- _About this exercise_
Return the whole listing unchanged. Drop the images.

- _Recorded data_
━━━━━━━━━━━━━━━━━━━━━━━━━━━━━━
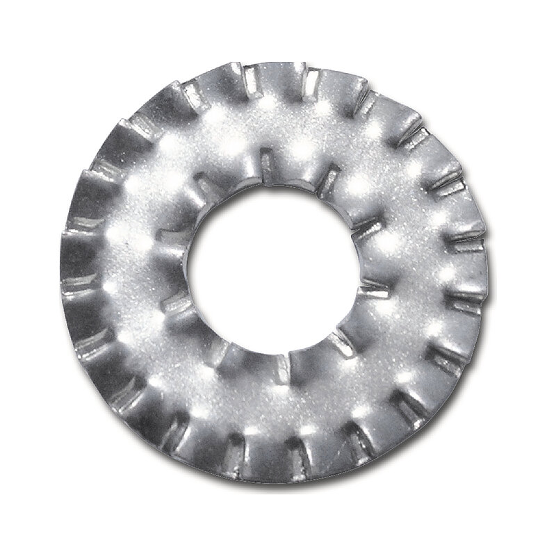 Fächerscheiben mit Doppelverzahnung, geeignet für Anwendungen bei denen der Innenlochdurchmesser wesentlich größer als der Schraubendurchmesser ist, bzw. bei Langlöchern.
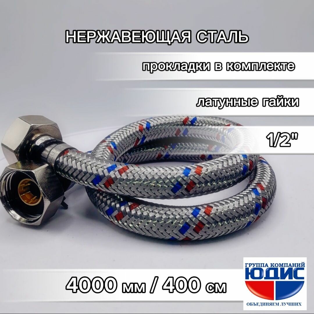 Купить Подводка гибкая для воды 1/2" В/В (гайка-гайка) 4000мм (400см) GK-YUDIS
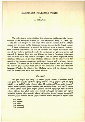Róna-Tas, András (1960) Dariganga Folkolore Texts. ACTA ORIENTALIA ACADEMIAE SCIENTIARUM HUNGARICAE, 10 (1). pp. 171-183. ISSN 0001-6446
━━━━━━━━━━━━━━━━━━━━━━━━━━━━━━
- _Expected answer_
 Fächerscheiben mit Doppelverzahnung, geeignet für Anwendungen bei denen der Innenlochdurchmesser wesentlich größer als der Schraubendurchmesser ist, bzw. bei Langlöchern.
 Купить Подводка гибкая для воды 1/2" В/В (гайка-гайка) 4000мм (400см) GK-YUDIS
Róna-Tas, András (1960) Dariganga Folkolore Texts. ACTA ORIENTALIA ACADEMIAE SCIENTIARUM HUNGARICAE, 10 (1). pp. 171-183. ISSN 0001-6446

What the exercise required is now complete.